Interestingly, genetic aberrations of BMS have previously been reported.7, 8 However, these mutations do not overlap with aberrations found in the malignant clone. The mechanisms for how these BMS specific aberrations occur or their impact on the malignant development remains unclear and needs to be subject to further studies. Nevertheless, BMS can still be used to exclude germline presence of genetic aberrations found in the AML clone.

The primary finding of growing bone marrow cells based on their ability to attach to plastic surfaces was described by Friedenstein and Castro-Malaspina.9, 10 As the bone marrow contains a heterogeneous cell population, later studies aimed to define subpopulations of BMS. Gronthos et al.11 presented the use of cell surface marker STRO-1Bright VCAM-1+ to sort out a homogenous stroma population.

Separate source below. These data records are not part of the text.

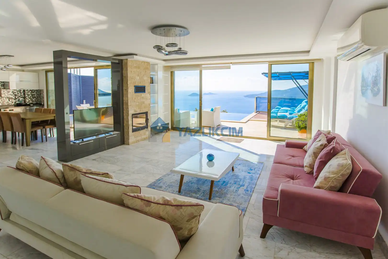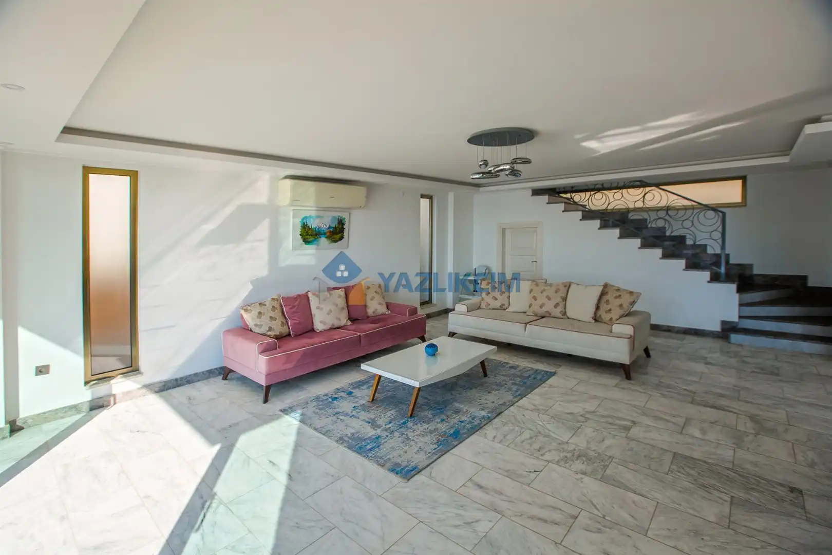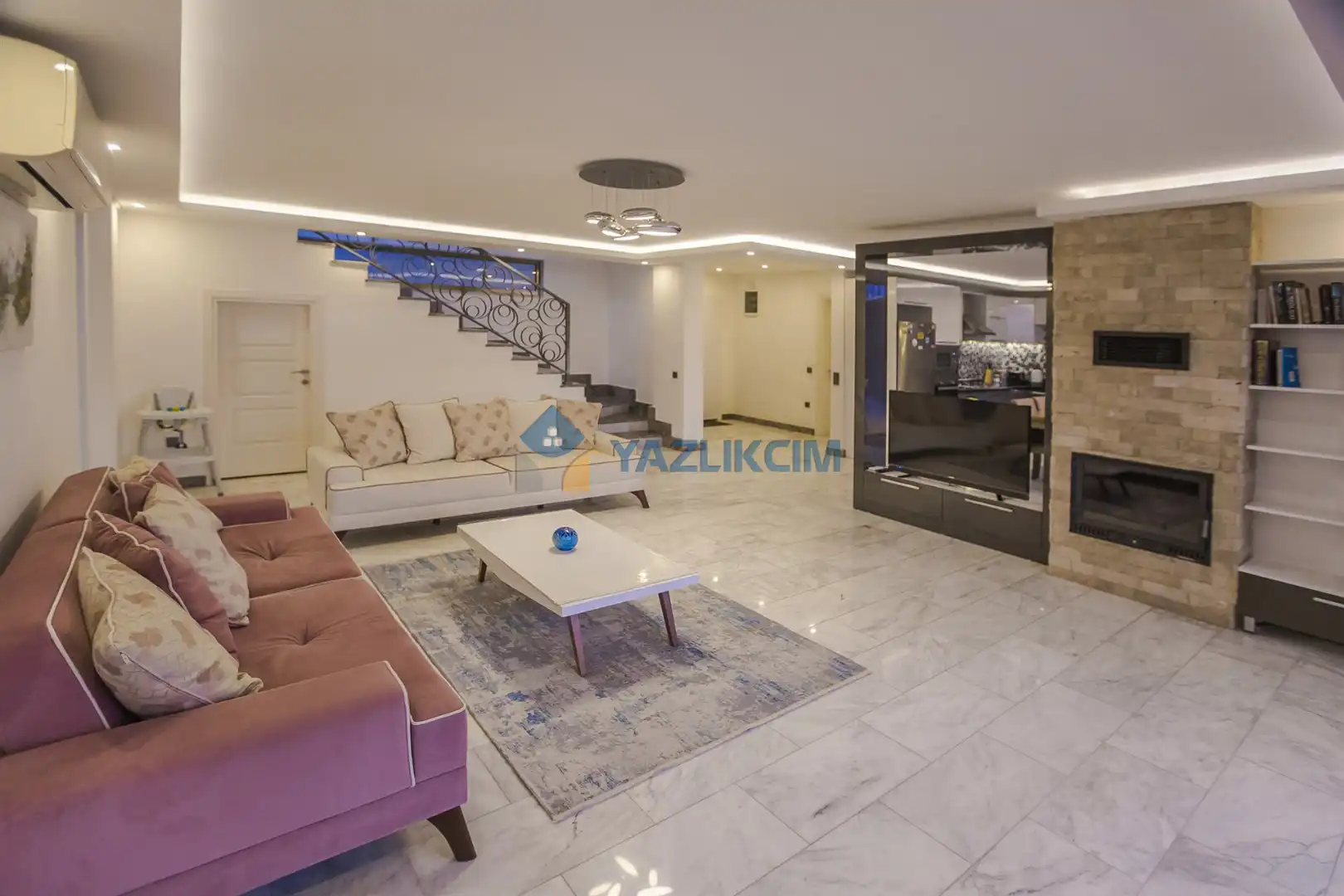 Salon Detayları: LCD TV, modern oturma grubu, yemek masası ve sandalyeler, kablosuz modem bulunmaktadır.
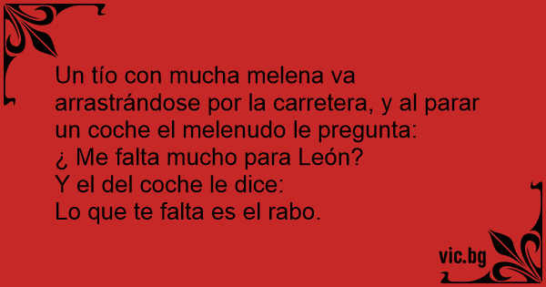 Un tío соn mucha melena va arrastrándose por la carretera, y al parar un coche el melenudo le pregunta:
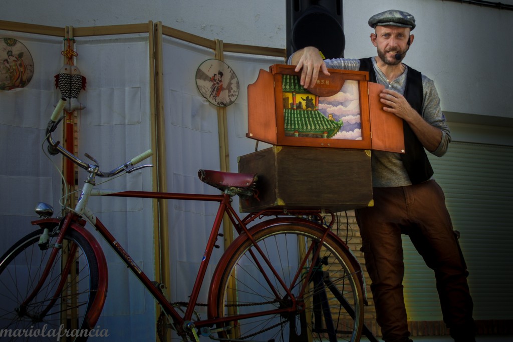 Érase una vez … un Kamishibai , que viajaba en la bicicleta especial de la muchacha que no vendía golosinas. Por él , comienza a deslizar unas láminas con unos dibujos de trazos gruesos y sencillos que interpreta y cuenta con rápidas descripciones y diálogos vivaces. Los niños y niñas escuchan cuentos que han dado la vuelta al mundo, miran boquiabiertos, gritan aterrados, o ríen a pleno pulmón.
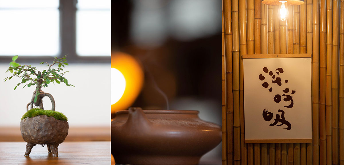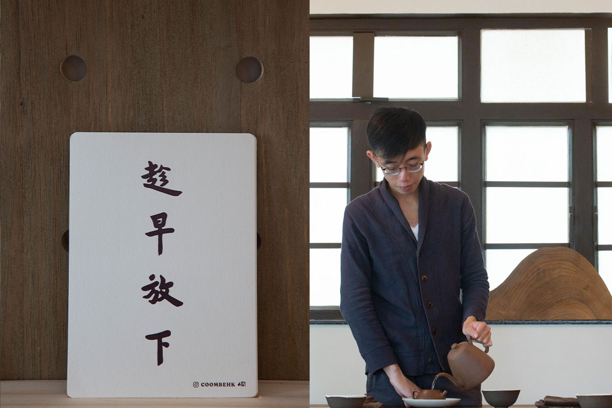 山洞亦是往內修心的獨處地方。這裡每件物品都有小故事:傢具特別用上老榆木,讓身體有更好的體驗;窗上的茶紙由造紙匠朋友製成;字畫邀請朋友創作;坐墊內部物料用蕎麥穀做成。一切一切,讓客人五感慢慢打開,仔細感受。
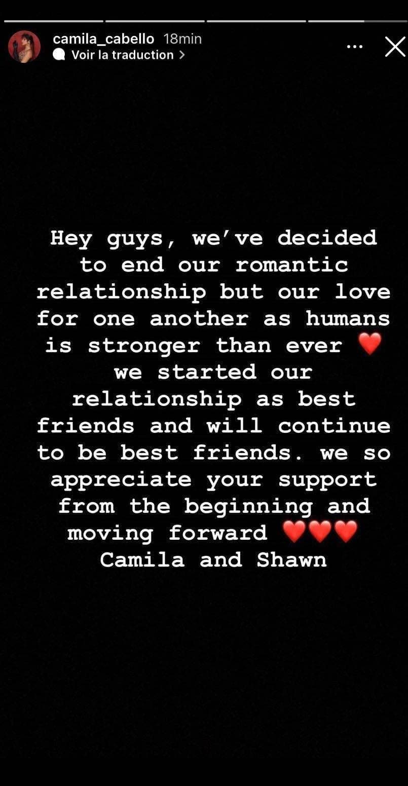 C'est sur Instagram, en soirée, que le couple a annoncé la triste nouvelle par le biais d'une story publiée sur les comptes de Shawn et de Camila.
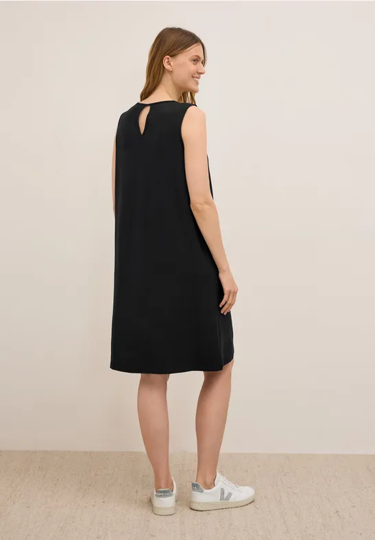 Deze mouwloze jersey jurk van CECIL voor dames heeft een luchtig model en een vrouwelijke ronde halslijn met een geraffineerde uitsnede aan de achterkant. De zachte viscose jersey stof met stretch maakt het bijzonder comfortabel om te dragen. Ideaal voor warme dagen en ongecompliceerde zomerlooks.
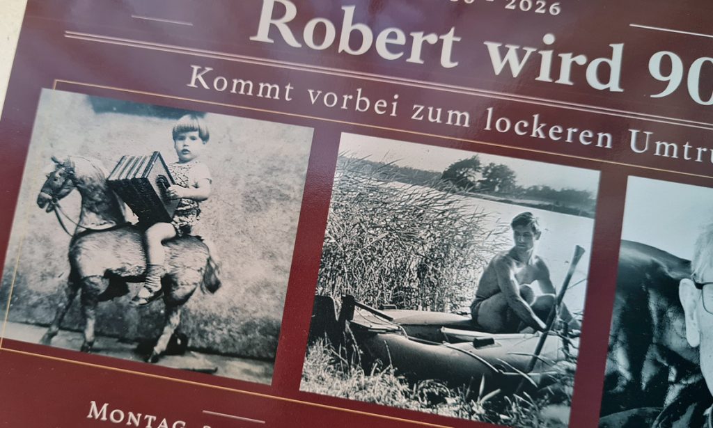 Zuhause stelle ich Fotos und Text für eine Trauerkarte und die Anzeige im örtlichen Werbeblatt zusammen. Das muss jetzt alles schnell gehen. Bei der Trauerkarte entscheiden meine Schwester und ich, dass wir die Bilder nehmen, die auf der Einladung zum Geburtstag abgebildet sind. Sie waren nicht für eine Beerdigung gedacht, aber sie passen auch dort. Ich finde es schön, dass mein Vater die frisch gedruckten Geburtstagseinladungen noch gesehen hat und sie ihm gut gefielen. Beim Blick auf das Foto, das ihn am See in seinem Metzeler-Schlauchboot zeigt, das er zum Segelboot umbauen konnte, grinste er: „Was war ich für ein feines Kerlchen!“ Wenn ich an meinen Papa denke, sehe ich ihn als erstes so vor mir, in Badehose auf einem Boot – ein für ihn ganz typischer und mir sehr vertrauter Anblick -, oder wie er auf Händen im Garten läuft, aber nicht als alten Mann im Sessel.
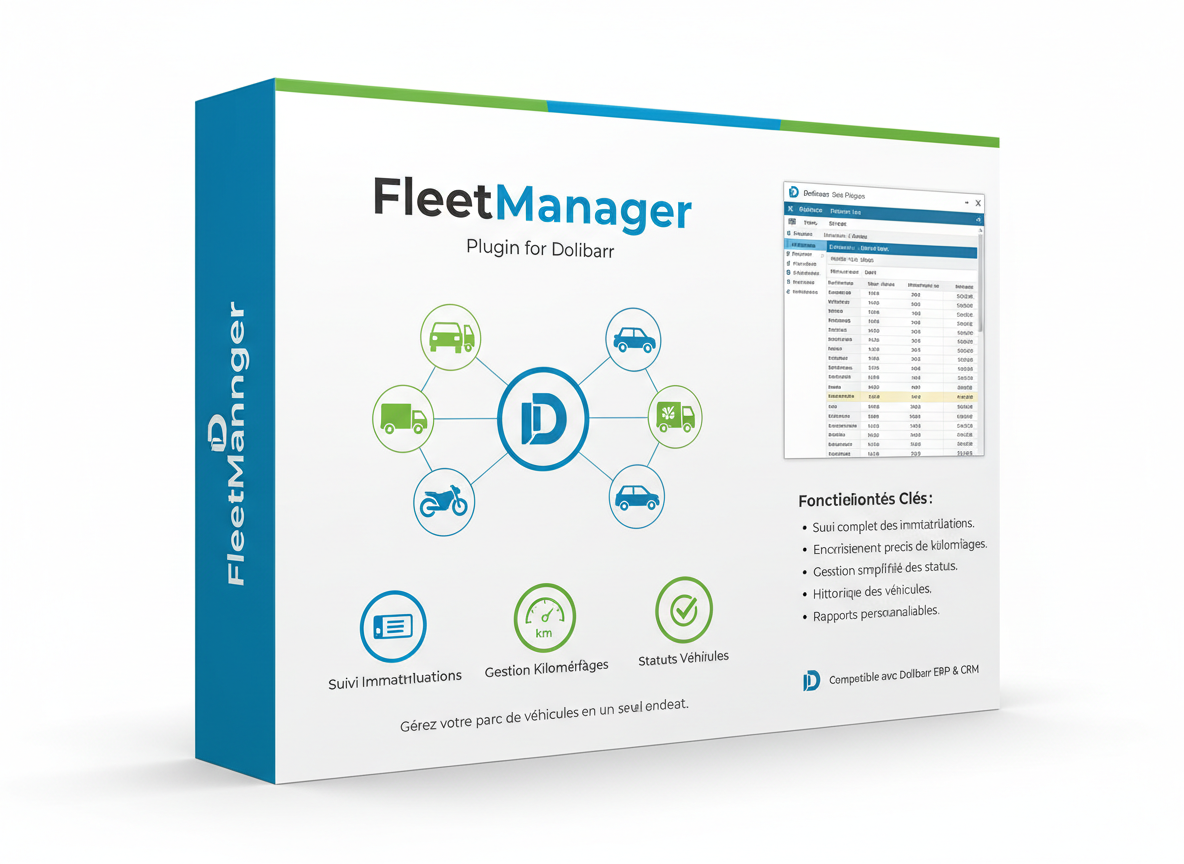 FleetManager ermöglicht Ihnen die Verwaltung Ihres Fuhrparks in Dolibarr. Verfolgen Sie Ihre Kennzeichen, Kilometerstände und Status an einem Ort.
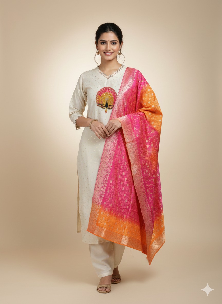 Mal Silk Ivory Dupatta Set with Peacock Design with Beautiful Banarasi Dupatta
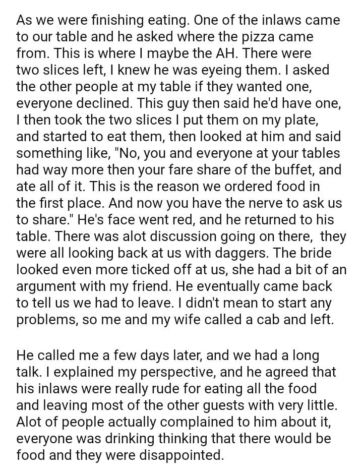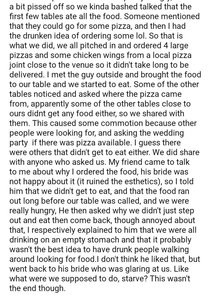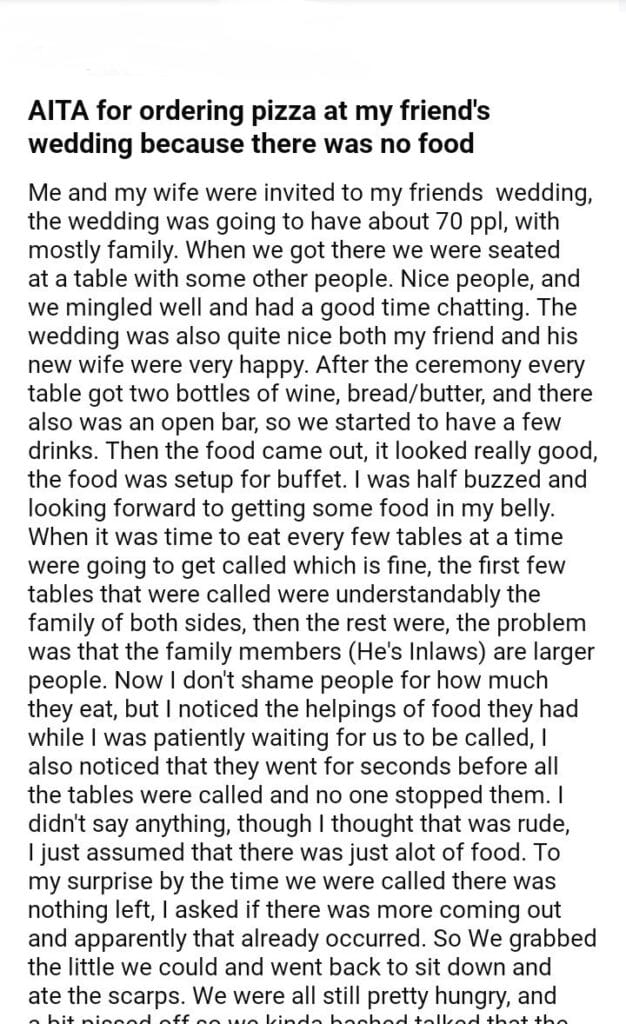 AITA for ordering pizza at my friend’s wedding because there was no food
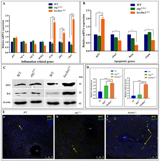 Abnormal apoptosis and inflammation response in beclin1+/− liver. Expressions of mRNA in 16-month-old zebrafish evaluated by qRT-PCR for inflammation-related genes (A) and apoptotic-related genes (B). (C) Representative immunoblots showed the relative protein expression of tP53, IL-6. β-actin was used as the vehicle control. (D) The ratio of tP53/β-actin and IL-6/β-actin evaluated by NIH software Image J. (E) Immunofluorescence of liver tissues probed against mutated tP53. The nuclei of the necrosis hepatocytes indicated the genomic instability and DNA damage in tumor cells (yellow arrows). CV: central vein; NC: Necrosis. Data expressed as mean ± SD. * p < 0.05, ** p < 0.01, and *** p < 0.001.

However, our primary aim was to expand non-leukemic stroma cells and not a particular population of stroma cells. Now, we and others12 have shown that after few passages of BMS culture, non-adherent haematopoietic cells disappears either by washing away or by undergoing apoptosis resulting in a growth of a non-malignant and non-hematopoietic cell population.

In conclusion, our findings show that large amounts of non-hematopoietic cells defined as stroma cells can be derived from culturing adherent cells from mononuclear cells in the diagnostic bone marrow sample of AML patients. Furthermore, we show that these BMS cells can be used to exclude germline presence of mutations found in AML cells and thus define somatic mutations in AML patients. We suggest this can be a useful approach to obtain AML DNA as well as the control germline DNA from the same sample without additional sampling in the research setting as well as in clinical routine.